Lawyers for the estates of those who died say were it not for Metro-North’s faulty design of the third rail, everyone in the lead car would have survived and nine others wouldn’t have been injured. The remaining 625 passengers, riding in the seven cars behind the lead, were not injured.
“But for the dangerous design of the third rail, NO ONE INSIDE THE TRAIN would have gotten hurt, NOT EVEN A SCRATCH,” attorney Natascia Ayers wrote in court papers filed in State Supreme Court in Westchester in April.
Killed were Walter Liedtke, 69, and Eric Vandercar, 53, both of Bedford Hills; Aditya Tomar, 41, of Danbury, Conn., Robert Dirks, 36, of Chappaqua and Joseph Nadol, 42 of Ossining.
Metro-North attorney Philip DiBerardino said Ayers' claim about the third rail design is off the mark.
"Plaintiffs' bald statement is unsupported by any evidence, and, as such, amounts to sheer speculation," DiBerardino wrote in May.
Metro-North says Brody is to blame for the accident for illegally stopping on a grade crossing equipped with warning devices, flashing lights and automatic gates that were all in good working order. The railroad, along with the Town of Mount Pleasant, is suing her husband, Alan Brody, the administrator of his wife’s estate.

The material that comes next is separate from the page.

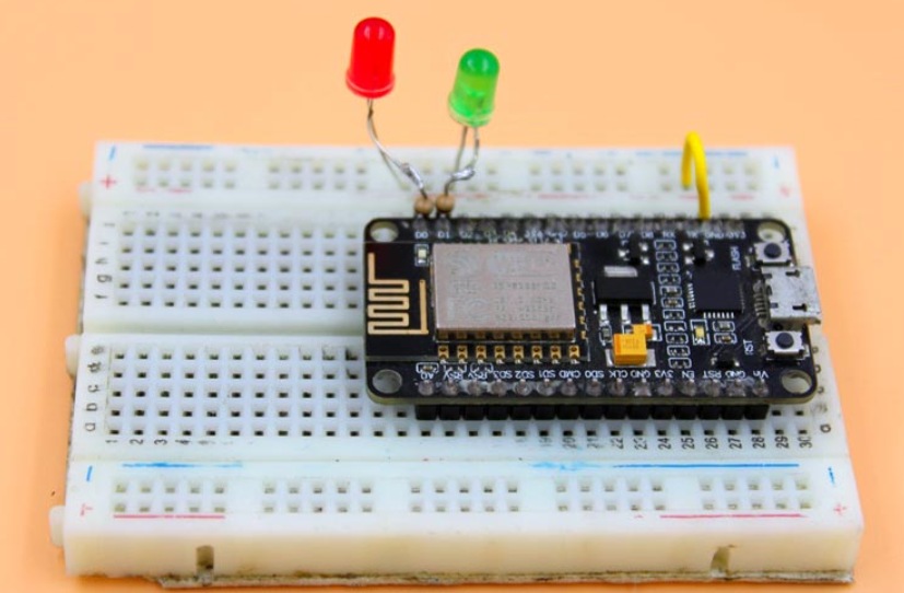 按照上述原理圖將led連接到NodeMCU上。一個(gè)LED連接GPIO D0,另一個(gè)連接GPIO D2。不要忘記在GPIO引腳和正極之間放一個(gè)電阻。它將保護(hù)我們的LED過電壓。一旦連接完成,您的設(shè)置將如下所示

Brody, meanwhile, is suing Metro-North and Mount Pleasant, claiming his wife was trapped on an unsafe crossing and unaware she was on railroad tracks. His lawyer, Philip Russotti, says a faulty signal system didn’t provide cars enough time to clear an intersection at the crossing.
In 2017, the NTSB concluded Brody’s actions caused the crash, while noting the third rail design led to the loss of life.